▸ **Task statement**: Copy the listing exactly, images excluded.

▸ **Data extract**:

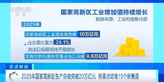 (央視財經《正點財經》)今天(10日),記者從工業和信息化部瞭解到,我國國家高新區總數達179家,已成爲科技創新和產業創新深度融合的重要載體和高新技術產業發展的主陣地。2025年,國家高新區實現園區生產總值20.4萬億元,佔全國GDP比重爲14.5%。
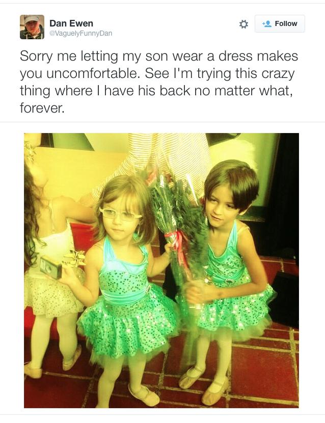 @TheEllenShow@VaguelyFunnyDan this is great! Letting his son become who he wants to be & not what society wants him to be!#Beautiful
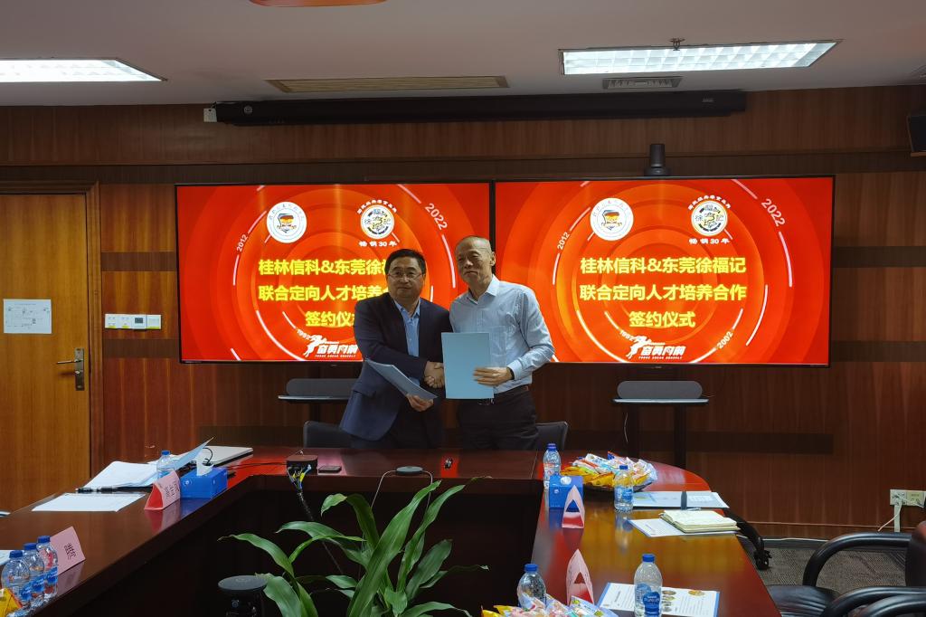 4月27日,beat365官方网站与东莞徐记食品有限公司在东莞市徐福记总厂签署深度合作战略协议,共同推动校企合作关系更上一层楼。校长梁丁丁、校长助理韩剑、商学院有关负责人,东莞徐记食品有限公司总经理鲍喜涛、营运人力资源负责人金腾、设备及工程部、卓越制造部、职工招聘部等部门负责人出席签约仪式。
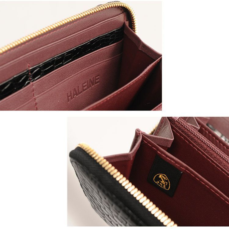 HALEINE クロコダイル 日本製 メンズ 長財布 ラウンドファスナー シャイニング マット 加工 一枚革 センター取り

▸ **Task result**:
 (央視財經《正點財經》)今天(10日),記者從工業和信息化部瞭解到,我國國家高新區總數達179家,已成爲科技創新和產業創新深度融合的重要載體和高新技術產業發展的主陣地。2025年,國家高新區實現園區生產總值20.4萬億元,佔全國GDP比重爲14.5%。
 @TheEllenShow@VaguelyFunnyDan this is great! Letting his son become who he wants to be & not what society wants him to be!#Beautiful
 4月27日,beat365官方网站与东莞徐记食品有限公司在东莞市徐福记总厂签署深度合作战略协议,共同推动校企合作关系更上一层楼。校长梁丁丁、校长助理韩剑、商学院有关负责人,东莞徐记食品有限公司总经理鲍喜涛、营运人力资源负责人金腾、设备及工程部、卓越制造部、职工招聘部等部门负责人出席签约仪式。
 HALEINE クロコダイル 日本製 メンズ 長財布 ラウンドファスナー シャイニング マット 加工 一枚革 センター取り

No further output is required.